The required answer is the run of lines from the one holding "ややゆとりのあるサイジングで程よく抜け感は大人なコーディネートに適します。" to the end of the data below, copied exactly and free of pictures.

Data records
--------------------------------

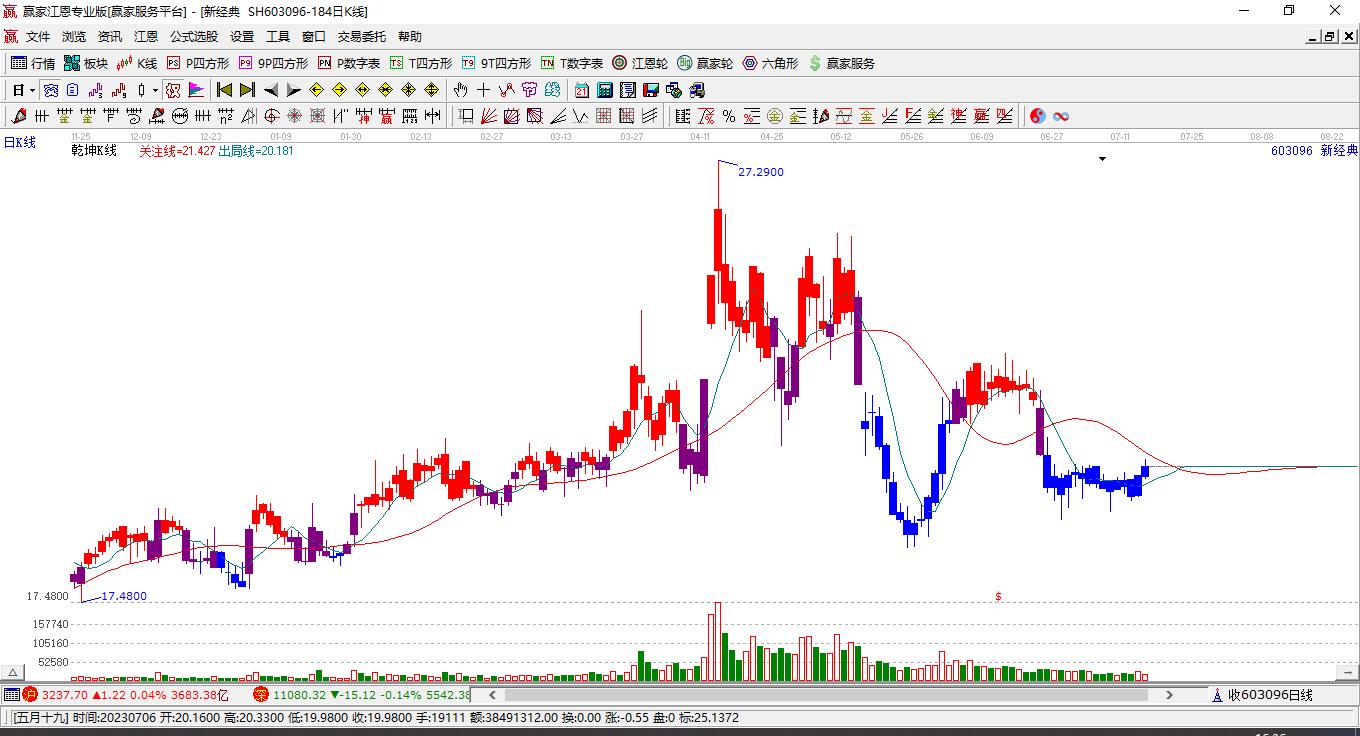 依據(jù)贏家江恩乾坤K線工具展示,目前股價處于藍(lán)色區(qū)域,本周K線以陽線收盤,周K線收于出局線下方。近期前方高點11月14日19.2點,如短期有效突破前期高點19.2,有望走出震蕩區(qū)域,如不能突破,繼續(xù)延續(xù)箱體震蕩。
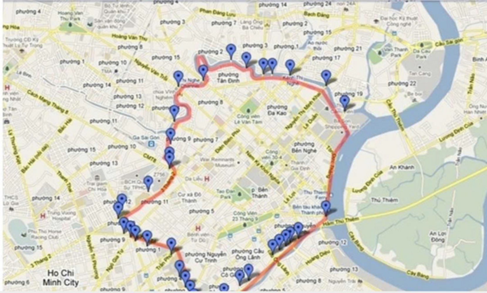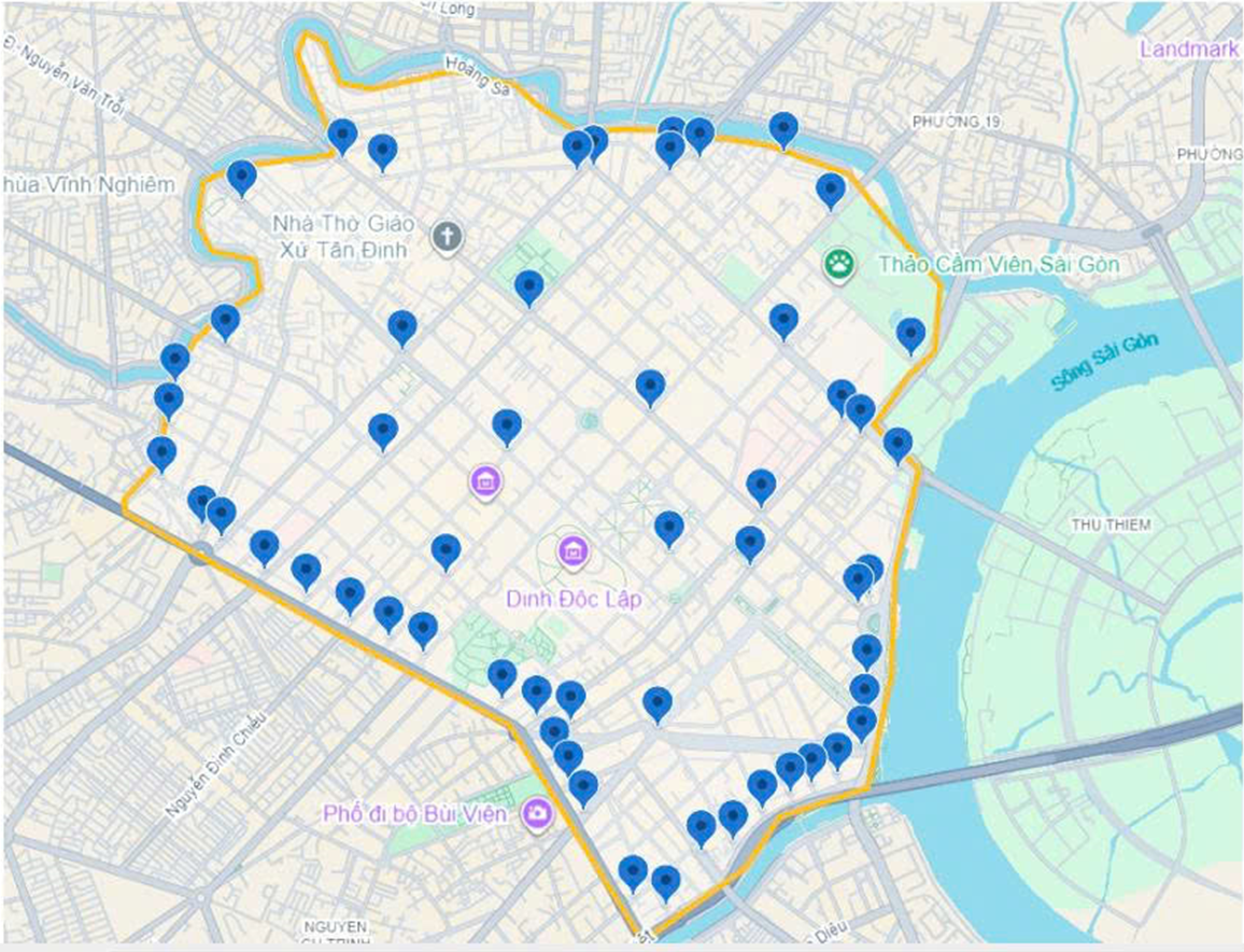 Khu vực thí điểm vùng phát thải thấp tại trung tâm TP.HCM giới hạn bởi 15 cây cầu và 17 tuyến đường. (Nguồn: TTQLGTCC)
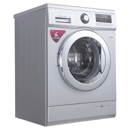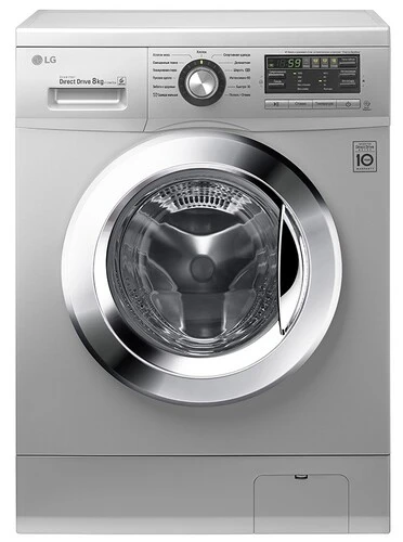 Отдельно стоящая стиральная машина с надежным прямым приводом LG F1296TD4. Цвет серебристый. Возможность погрузки белья до 8кг.
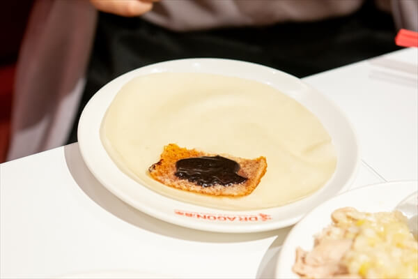 驚きなのが、切り出していく皮の量。聞けば、枚数にしてわずか16枚程だとか。「この大きさの北京ダックから、たった16枚しかとれないの?」と思わず声をあげてしまった取材陣一同。それだけ贅沢な料理ということを改めて実感した。
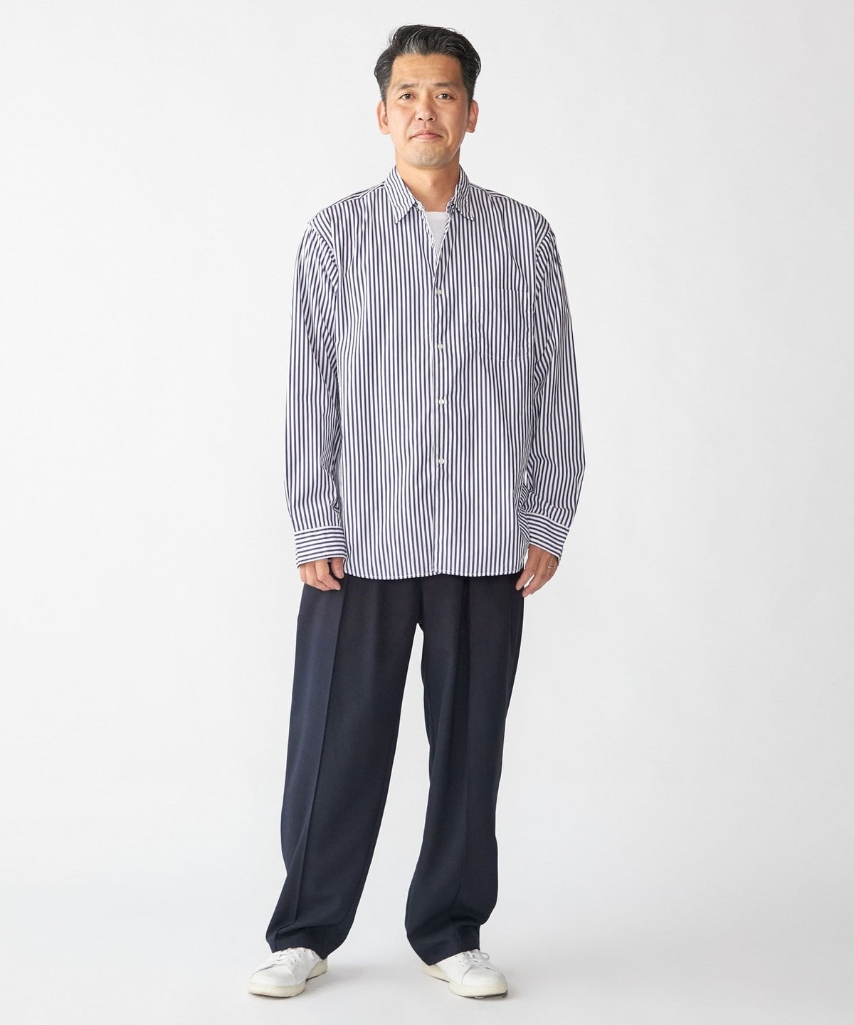 ややゆとりのあるサイジングで程よく抜け感は大人なコーディネートに適します。
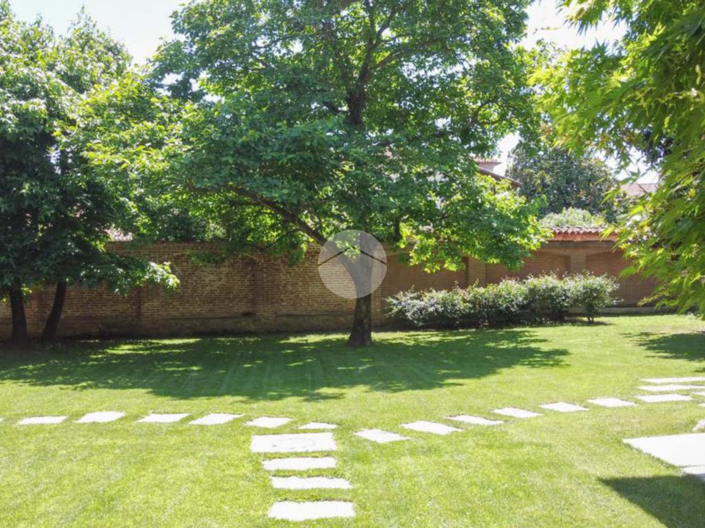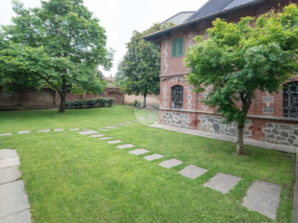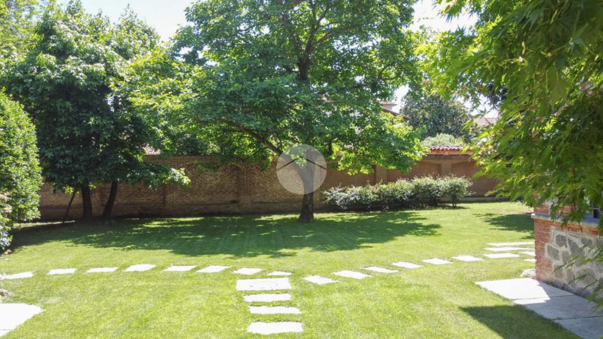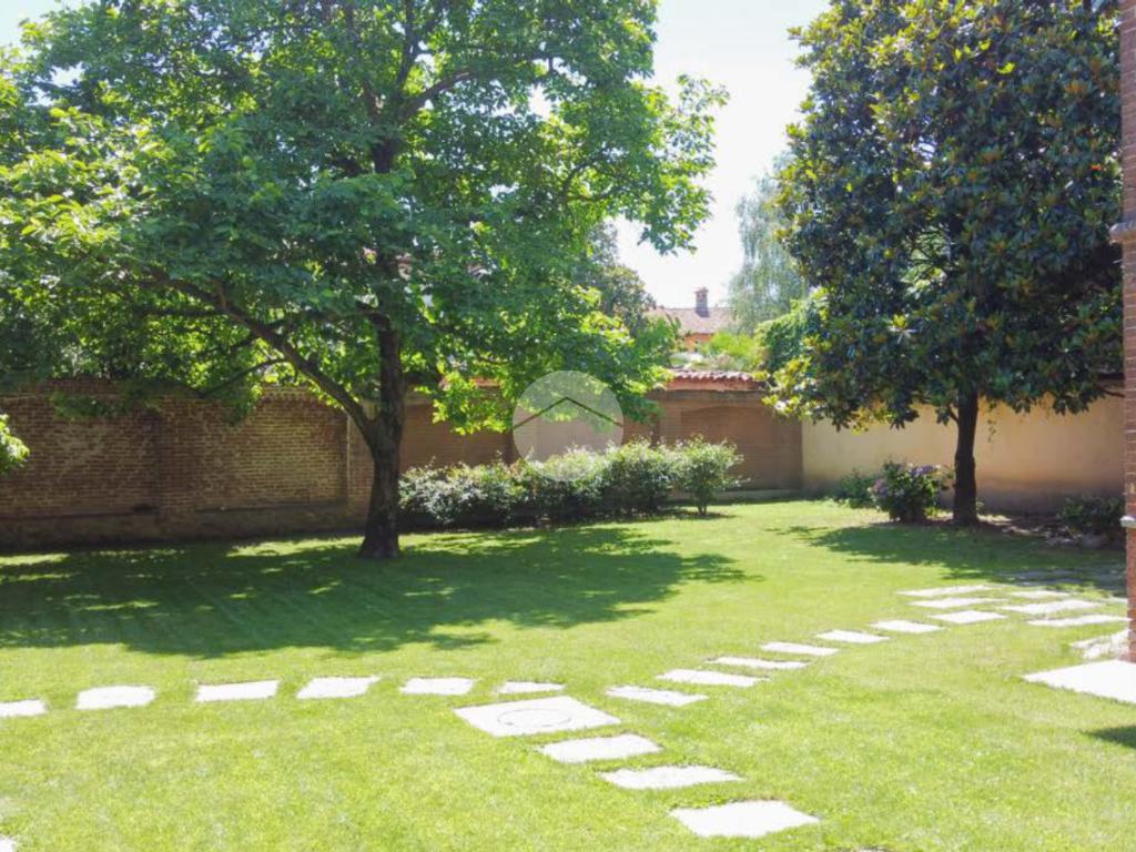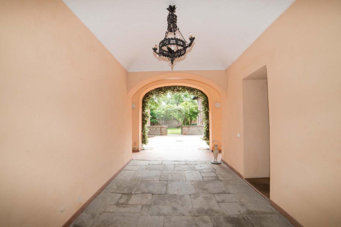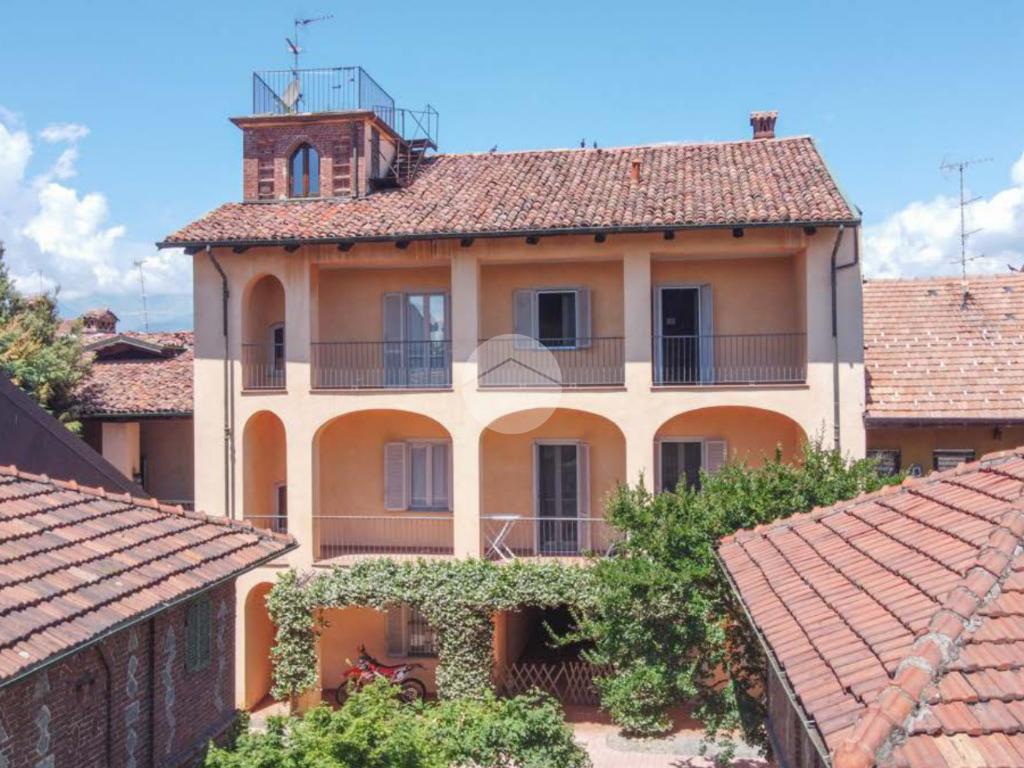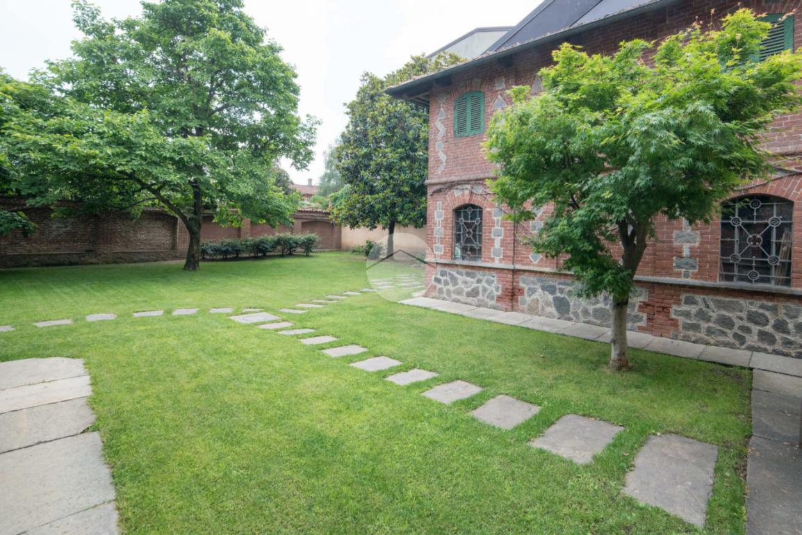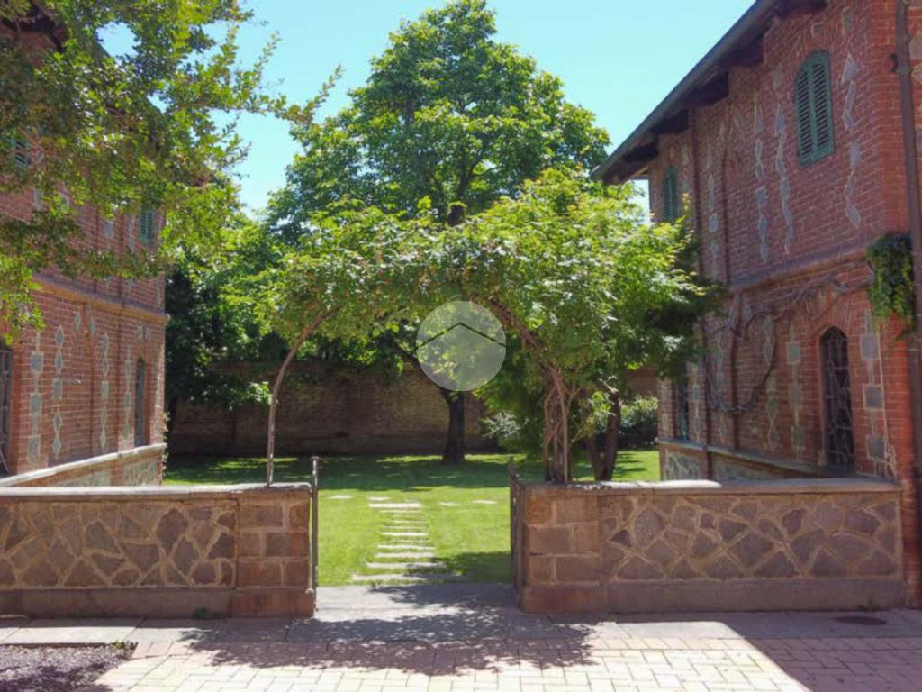 La proprietà si sviluppa attorno a un giardino centrale curato e piantumato, impreziosito da camminamenti in pietra e incorniciato da due corpi laterali in mattoni a vista con inserti lapidei e zoccolatura in pietra, tipici dell’architettura piemontese storica. Il prospetto principale, intonacato in tonalità calda, è valorizzato da un loggiato ad archi e da una balconata con ringhiera in ferro che conferiscono armonia ed equilibrio alla facciata. La torretta in laterizio, ben visibile dall’esterno, completa l’insieme architettonico e dona alla proprietà un tratto distintivo di rara suggestione.

--------------------------------

Task answer
 ややゆとりのあるサイジングで程よく抜け感は大人なコーディネートに適します。
 La proprietà si sviluppa attorno a un giardino centrale curato e piantumato, impreziosito da camminamenti in pietra e incorniciato da due corpi laterali in mattoni a vista con inserti lapidei e zoccolatura in pietra, tipici dell’architettura piemontese storica. Il prospetto principale, intonacato in tonalità calda, è valorizzato da un loggiato ad archi e da una balconata con ringhiera in ferro che conferiscono armonia ed equilibrio alla facciata. La torretta in laterizio, ben visibile dall’esterno, completa l’insieme architettonico e dona alla proprietà un tratto distintivo di rara suggestione.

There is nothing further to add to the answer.